In photos: Afghans celebrate Eid ul Fitr with joy and hope for the future

Salaam Times

Members of an honour guard greet each other June 15 after offering Eid ul Fitr prayers in Mazar-e-Sharif. [Farshad/Usyan/AFP]

Muslims hug each other after offering prayers at the start of Eid ul Fitr at the Shah-e Do Shamshira mosque in downtown Kabul June 15. [Noorullah Shirzada/AFP]

Women offer prayers at the start of Eid ul Fitr in Herat Province June 15. [Hoshang Hashimi/AFP]

Men offer prayers June 15, the first day of Eid ul Fitr, in Herat Province. [Hoshang Hashimi/AFP]

Boys and girls ride swings and play in Asadabad, Kunar Province, June 15. [Khalid Zerai]

A teenage girl plays traditional music for her friends June 15 in Watapur District, Kunar Province. [Khalid Zerai]

Taliban militants walk on the outskirts of Jalalabad June 16 as they take to the street to celebrate the ceasefire on the second day of Eid ul Fitr. [Noorullah Shirzada/AFP]

Taliban militants ride a motorbike as they celebrate the second day of Eid ul Fitr in the outskirts of Jalalabad June 16. [Noorullah Shirzada/AFP]

Kabul residents welcome Taliban fighters entering the city from Wardak-Ghazni highway June 16. [Andrew Quilty/Twitter]

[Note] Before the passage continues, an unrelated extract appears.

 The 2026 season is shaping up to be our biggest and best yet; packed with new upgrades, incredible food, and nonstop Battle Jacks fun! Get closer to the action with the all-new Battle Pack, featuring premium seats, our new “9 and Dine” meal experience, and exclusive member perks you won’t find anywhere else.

A woman places a turban on the head of a Taliban fighter as a traditional sign of respect and dignity in Nangarhar Province June 17. A number of women demanded that the militants extend the ceasefire beyond the three days of Eid ul Fitr. [Nangarhar Provincial Media Office/Facebook]

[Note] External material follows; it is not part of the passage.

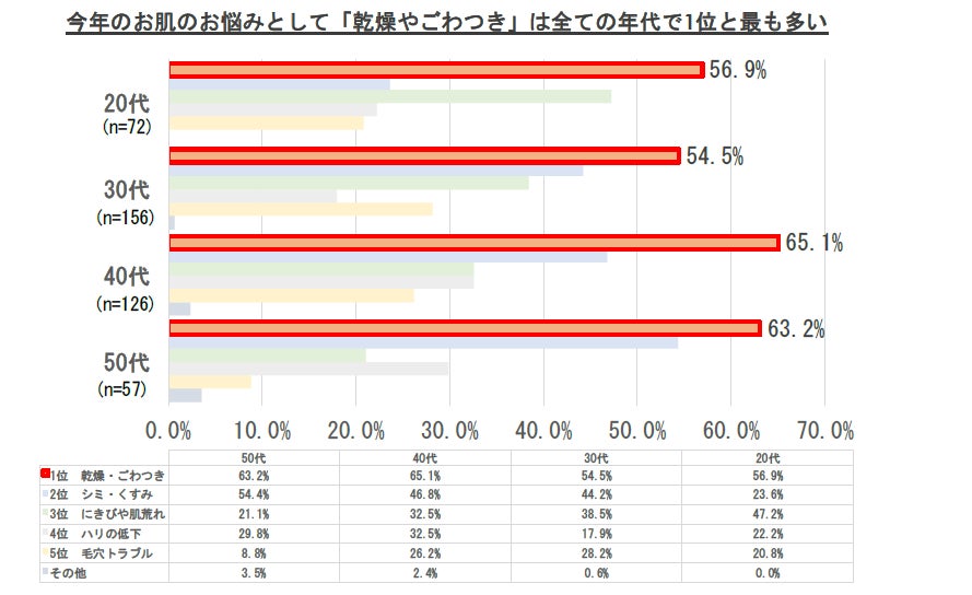 ■今年の肌の悩みの1位は「乾燥やごわつき」。全ての年代で1位となる。

KABUL -- Afghans across the country celebrated a relatively peaceful Eid ul Fitr after the Taliban agreed to a temporary ceasefire with the Afghan government for the three days marking the end of Ramadan.

In a bid to bring the Taliban to the negotiating table, the Afghan government on June 7 announced a week-long ceasefire with the group starting June 12. The Taliban agreed to hold the ceasefire June 15-17.

Kabul extended its ceasefire with the Taliban by 10 days on June 17 but said security forces would defend themselves if attacked.

President Ashraf Ghani also requested the Taliban extend their ceasefire, but the militant group said fighting would resume.


Taliban militants and local residents stand on an Afghan National Army (ANA) Humvee as they June 17 celebrate the unprecedented ceasefire on the third day of Eid ul Fitr in Maiwand District of Kandahar Province. [Javed Tanveer/AFP]

But for the three days marking Eid ul Fitr, jubilant scenes of Taliban and Afghan security forces' spontaneous celebrations showed that many fighters on both sides are fed up with fighting.

In scenes unimaginable only a few days ago, Taliban fighters and security forces were seen hugging and taking selfies together around the country.

Civilians, who have borne the brunt of the bloody war, also flocked to greet the insurgents as they entered urban areas that they usually visit only to attack, including Kabul.

"We have held the ceasefire well so far," Taliban commander Baba told AFP during celebrations in Nangarhar June 16.

"Everyone is tired of war, and if our leaders order us to continue the ceasefire, we will hold it forever," he said.

"I used to not buy myself new clothes and shoes because I did not enjoy previous Eids," Helaluddin, 35, a resident of Jalalabad, told Salaam Times. "This year I bought new clothes and a new vest to celebrate a peaceful Eid."

[Khalid Zerai from Kunar Province contributed to this article.]